The complaint, filed in the U.S. District Court in Newark on behalf of more than 200 Indian civil servants at the temple, is said to be “a gross violation of the country’s basic labor laws, including the ban on forced labor.”
Sutayi, co-written by five staff members, is suing employers, Bochasanwasi Shri Akshar Purushottam Swaminarayan Sanstha, or BAPS, and other recruiting agencies in India, bringing them to the United States and forcing them to work more than 87 hours a week for $ 450 a month. or about $ 1.20 per hour.
New Jersey minimum wage is $ 12 per hour and U.S. law requires that wages be increased by half an hour and a half if they work more than 40 hours a week.
The suit says co-workers are under constant surveillance and are threatened with money laundering, arrests and repatriation to India if they talk to foreigners.

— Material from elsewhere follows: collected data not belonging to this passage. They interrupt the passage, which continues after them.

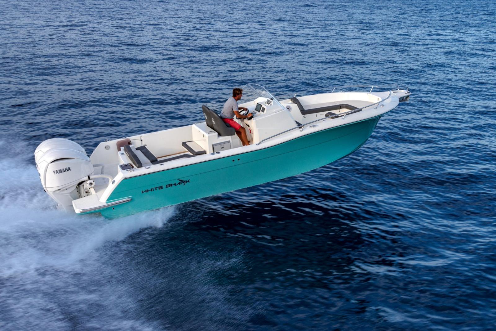 Le White Shark 280 cc Evo est un bateau très accueillant et confortable avec un carré dinette sur le cockpit, un leaning post avec évier, un carré avant transformable en bain de soleil, un pavois ouvrant à babord et de grandes plateformes arrières pour un accès à la mer confortable. Avec une longueur de 8,75 mètres, cet exemplaire respecte et sublime l'ADN White Shark.
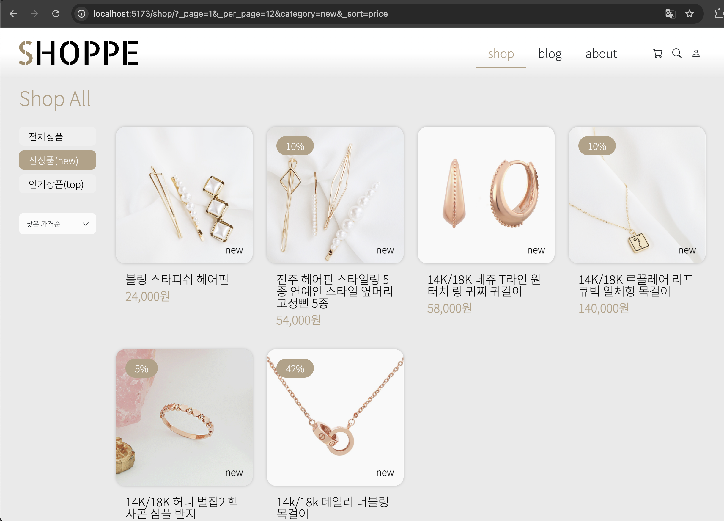 - 카테고리 필터: 전체, 신상품(new), 인기상품(top) 선택 가능
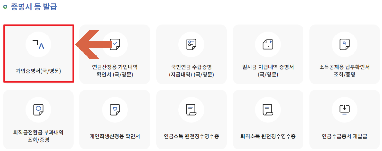 ❹ 가입증명서(국/영문) 메뉴를 선택합니다.
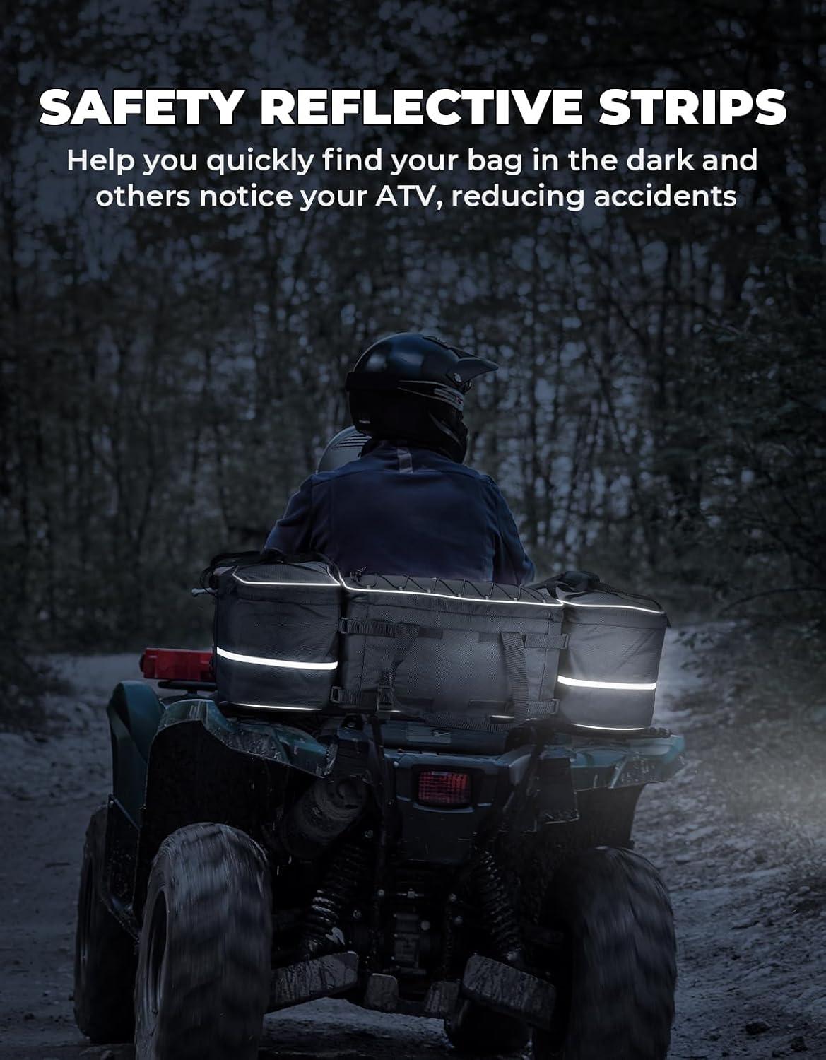 Driving Safer at Night: KEMIMOTO ATV rear bag with reflective strips design better helps others notice the object in poor light conditions, reducing accidents and improving safety
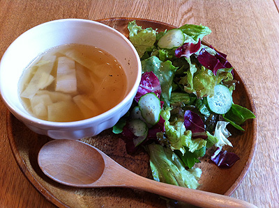 まずはスープとサラダが運ばれてきます。
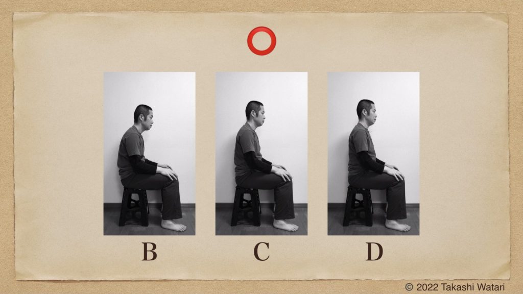 「姿勢を正す」という言葉があります。日常生活の中で聞かれる事も多いと思います。一般的に「姿勢を正す」際には、正面を見る事が多いです。正面を見る際にはCの姿勢が適しているでしょう。したがって私は、「姿勢を正す」際にはCの姿勢がとれれば十分である、と考えます。
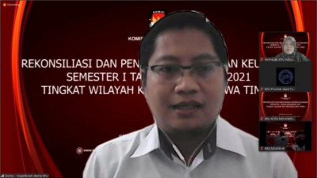 Pasuruan, kab-pasuruan.kpu.go.id – Kamis (22/07/2021) Komisi Pemilihan Umum (KPU) Provinsi Jawa Timur mengadakan Reviu atas Laporan Keuangan (LK) Tingkat Unit Akuntansi Kuasa Pengguna Anggaran (UAKPA) dan Unit Akuntansi Kuasa Pengguna Anggaran Wilayah (UAKPA-W) Semester I Tahun 2021 pada KPU Provinsi dan KPU Kabupaten/Kota di wilayah Jawa Timur. Kegiatan tersebut, sebagai lanjutan atas pelaksanaan Rekonsiliasi dan Penyusunan Laporan Keuangan Semester I Tahun 2021 Tingkat Wilayah yang dilaksanakan selama 2 (dua) hari, mulai 21 – 22 Juli 2021.
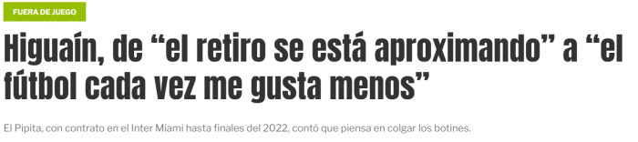 伊瓜因说:“退役的日子已经越来越近,我心里已有其他打算。我会履行和迈阿密国际的合同,这份合同到2022年12月到期。”
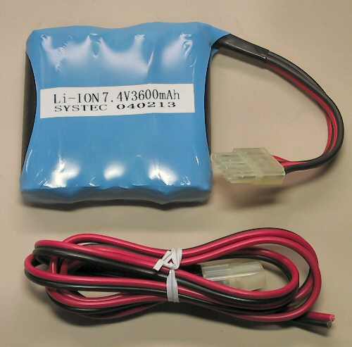 電池はリチュウムイオンの3600mAの2セルで7.4V 重さは196g 下は充電用のコード エッジは9サーボ使っているが1フライト約10分で250〜300mAを使う、 |
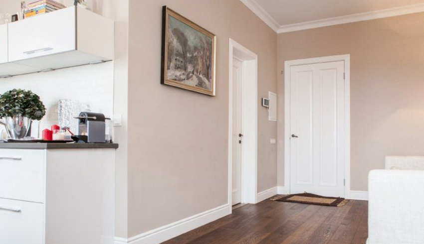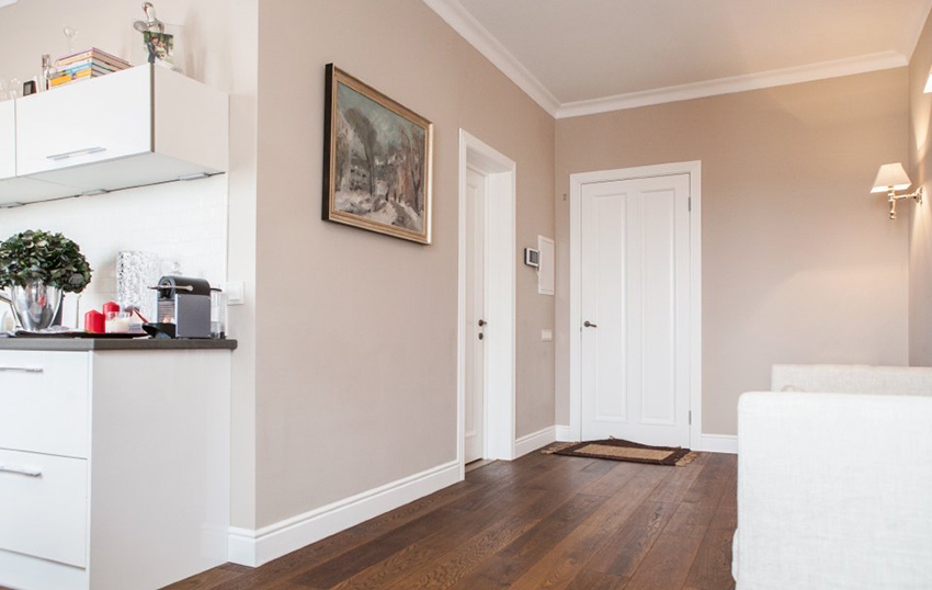 Vigtig! Du bør ikke bruge hvide døre i det indre af en lejlighed, hvor der er valgt en palet til vægdekoration, som er baseret på hvid med en hvilken som helst skygge, for eksempel creme eller beige. På baggrund af dørkonstruktionen vil sådanne vægge se beskidte ud, så det tilrådes at vælge lærredets farve for at matche det overordnede design.
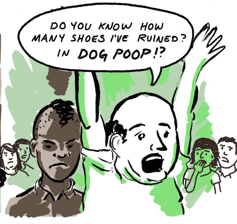 A man steps in poop. His day is ruined. So he takes it out on the closest dog owner he can, setting into motion a chain of events that could tear apart his city.
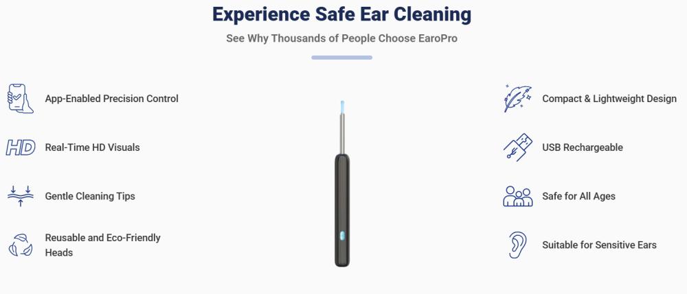 This makes EaroPro a safe, hygienic, and precise ear-cleaning option that’s far superior to outdated methods.

On Tuesday, FBI agents went to the beautiful Robbinsville rural temple, east of Trenton, on Tuesday.
“We were there in court-sanctioned cases,” Doreen Holder, a spokeswoman for the Federal Bureau of Investigation in Newark, confirmed by telephone.
The investigator declined to say how many offices were on site or to describe their work.
A spokesman for the BAPS, which claims to be a Hindu spiritual group, and its organizations at its office in Piscataway, New Jersey, did not return any comment.
The suit states that BAPS owns the land on which the building was built and is ready for construction. The temple has been open for a number of years but expansion work is under way.
The protesters, who are said to have worked at the temple as stonecutters and other construction workers since 2012, said that in India, they belonged to the Caste group, which has long been known as “inactive” and unassuming.
Shortly after completing their construction work, the complainants said they were “forced to live and work on a fenced-in fence, which is not allowed to leave with BAPS officers.”
The suit, which also states that the workers were selected to be religious and dedicated when they entered the country, wants “full benefits for their work” as well as undisclosed damages and other compensation.